In the 1930s and 1940s, concepts from various fields, including natural selection, genetics, and particulate inheritance -- came together to form the current evolutionary theory, which defines how evolution is triggered by the variation of genes within a population, and how those variations change in time as a result of natural selection. This model, which encompasses genetic drift, mutations in gene flow, and sexual selection is mathematically described.

Recent developments in the field of evolutionary developmental biology have demonstrated the ways in which variation can be introduced to a species through genetic drift, mutations, reshuffling genes during sexual reproduction and the movement between populations.

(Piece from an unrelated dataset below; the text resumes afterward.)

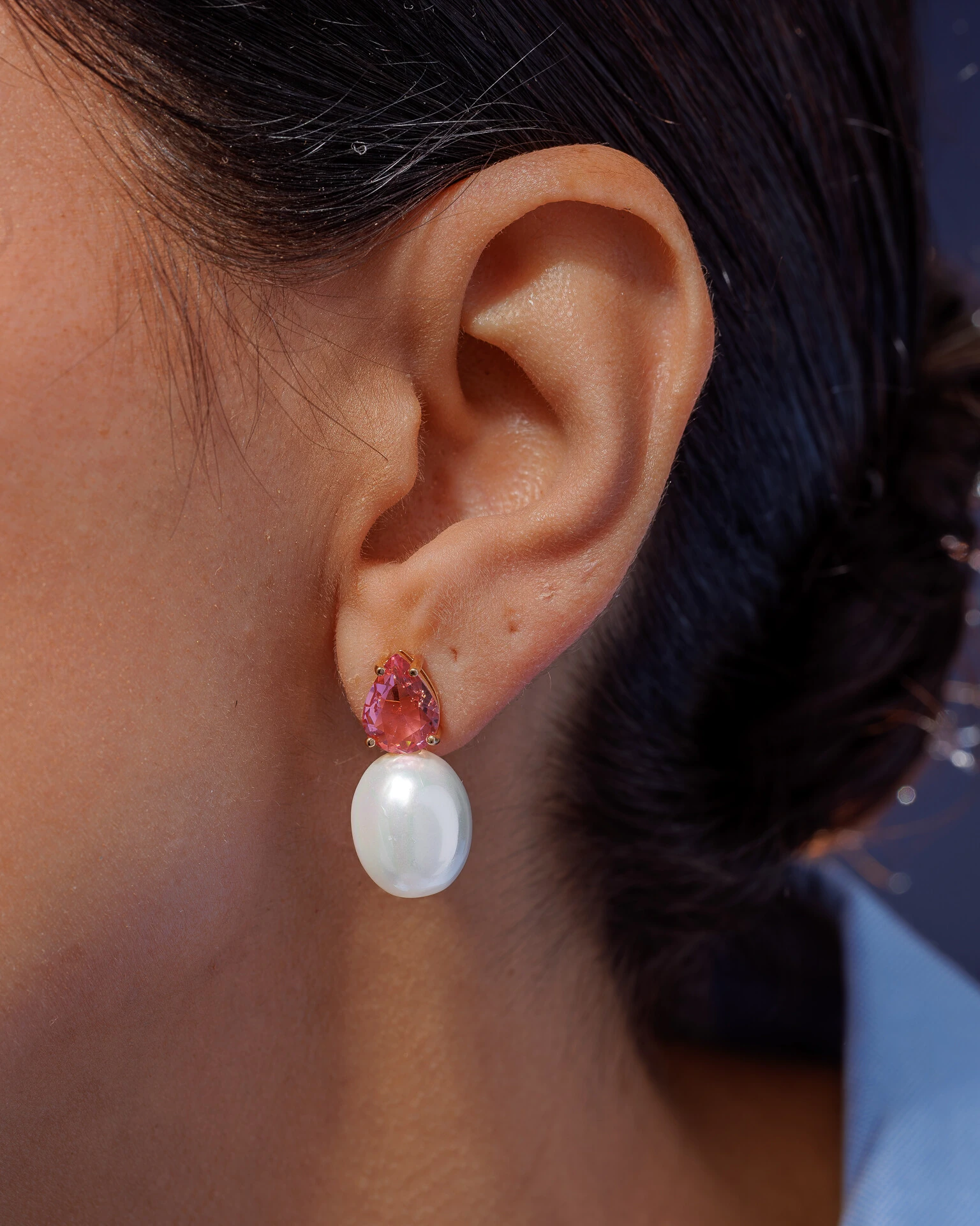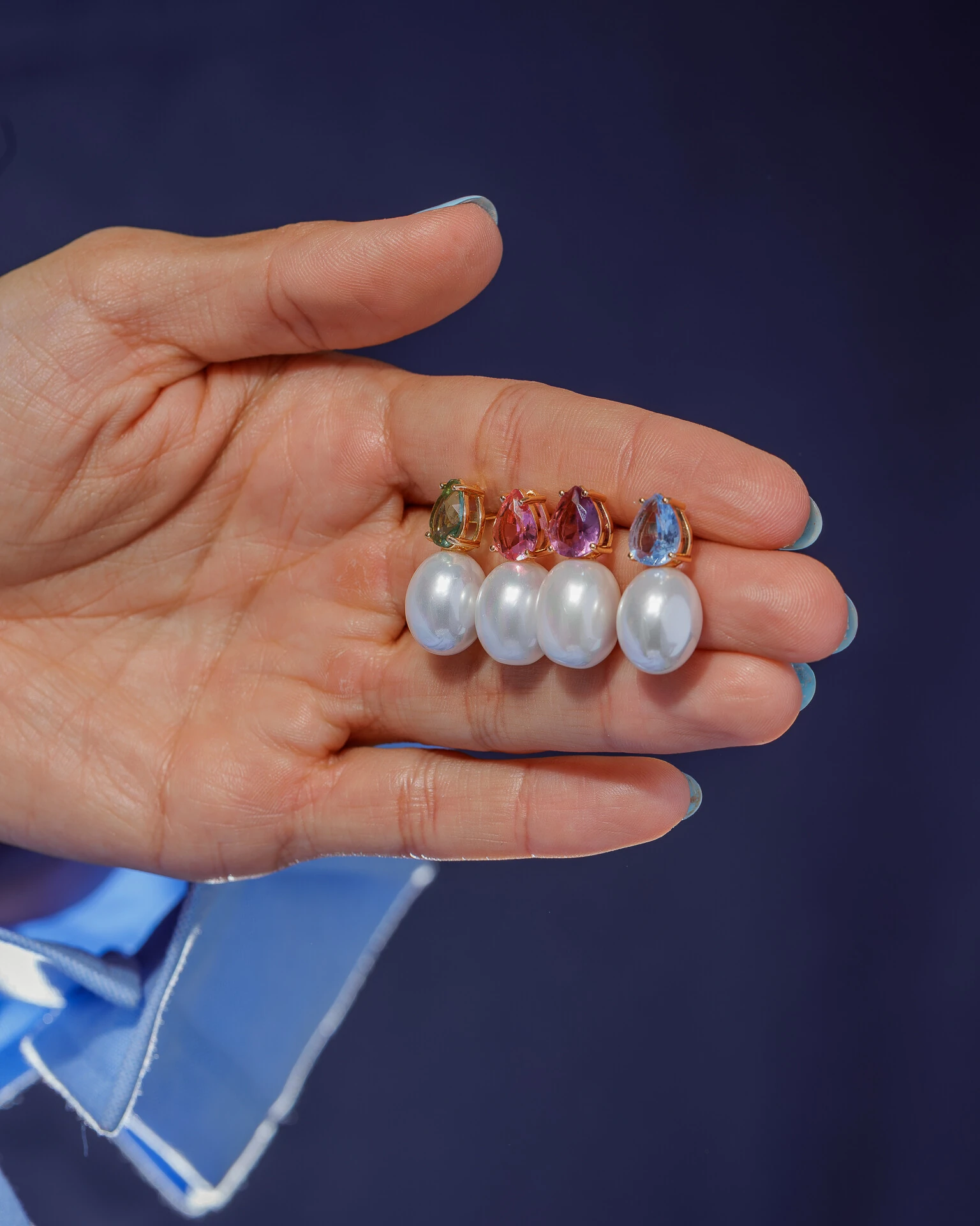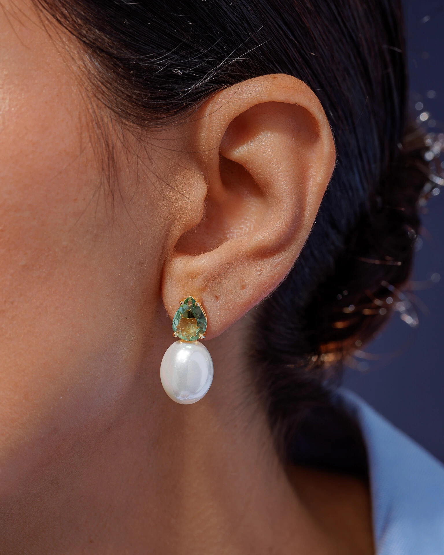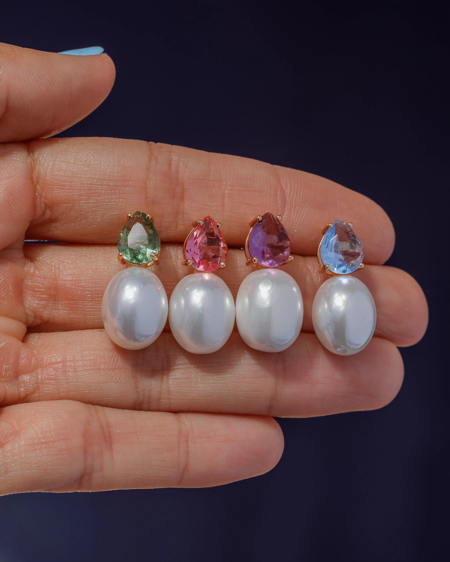 Brinco com banho de Ouro 18k com combinação de gota lapidada e pérola, trazendo brilho e delicadeza em uma peça moderna e versátil para qualquer ocasião.

These processes, along with other ones like directional selection and gene erosion (changes in the frequency of genotypes over time) can result in evolution. Evolution is defined as changes in the genome over time and changes in the phenotype (the expression of genotypes in individuals).

Students can gain a better understanding of the concept of phylogeny through incorporating evolutionary thinking into all aspects of biology. In a recent study by Grunspan and colleagues., it was shown that teaching students about the evidence for evolution boosted their understanding of evolution in a college-level course in biology. For more information on how to teach about evolution, look up The Evolutionary Potential of all Areas of Biology and Thinking Evolutionarily: A Framework for Infusing Evolution in Life Sciences Education.

Evolution in Action

Traditionally, scientists have studied evolution by looking back--analyzing fossils, comparing species and observing living organisms. However, evolution isn't something that occurred in the past. It's an ongoing process, taking place today. Bacteria evolve and resist antibiotics, viruses reinvent themselves and elude new medications, and animals adapt their behavior to the changing climate. The changes that result are often visible.

However, it wasn't until late 1980s that biologists realized that natural selection can be observed in action as well. The key is the fact that different traits result in an individual rate of survival and reproduction, and can be passed on from generation to generation.

In the past, if one particular allele--the genetic sequence that defines color in a population of interbreeding organisms, it might rapidly become more common than other alleles. In time, this could mean that the number of moths sporting black pigmentation may increase. The same is true for many other characteristics--including morphology and behavior--that vary among populations of organisms.

It is easier to observe evolution when a species, such as bacteria, has a rapid generation turnover. Since 1988, Richard Lenski, a biologist, has been tracking twelve populations of E.coli that are descended from one strain. Samples from each population were taken regularly, and more than 50,000 generations of E.coli have been observed to have passed.

Lenski's research has shown that mutations can drastically alter the efficiency with which a population reproduces--and so the rate at which it alters. It also demonstrates that evolution takes time, something that is hard for some to accept.

Another example of microevolution is that mosquito genes that confer resistance to pesticides show up more often in areas where insecticides are employed. Pesticides create a selective pressure which favors those with resistant genotypes.

The speed of evolution taking place has led to an increasing recognition of its importance in a world that is shaped by human activity, including climate change, pollution and the loss of habitats that hinder many species from adapting. Understanding the evolution process will assist you in making better choices regarding the future of the planet and its inhabitants.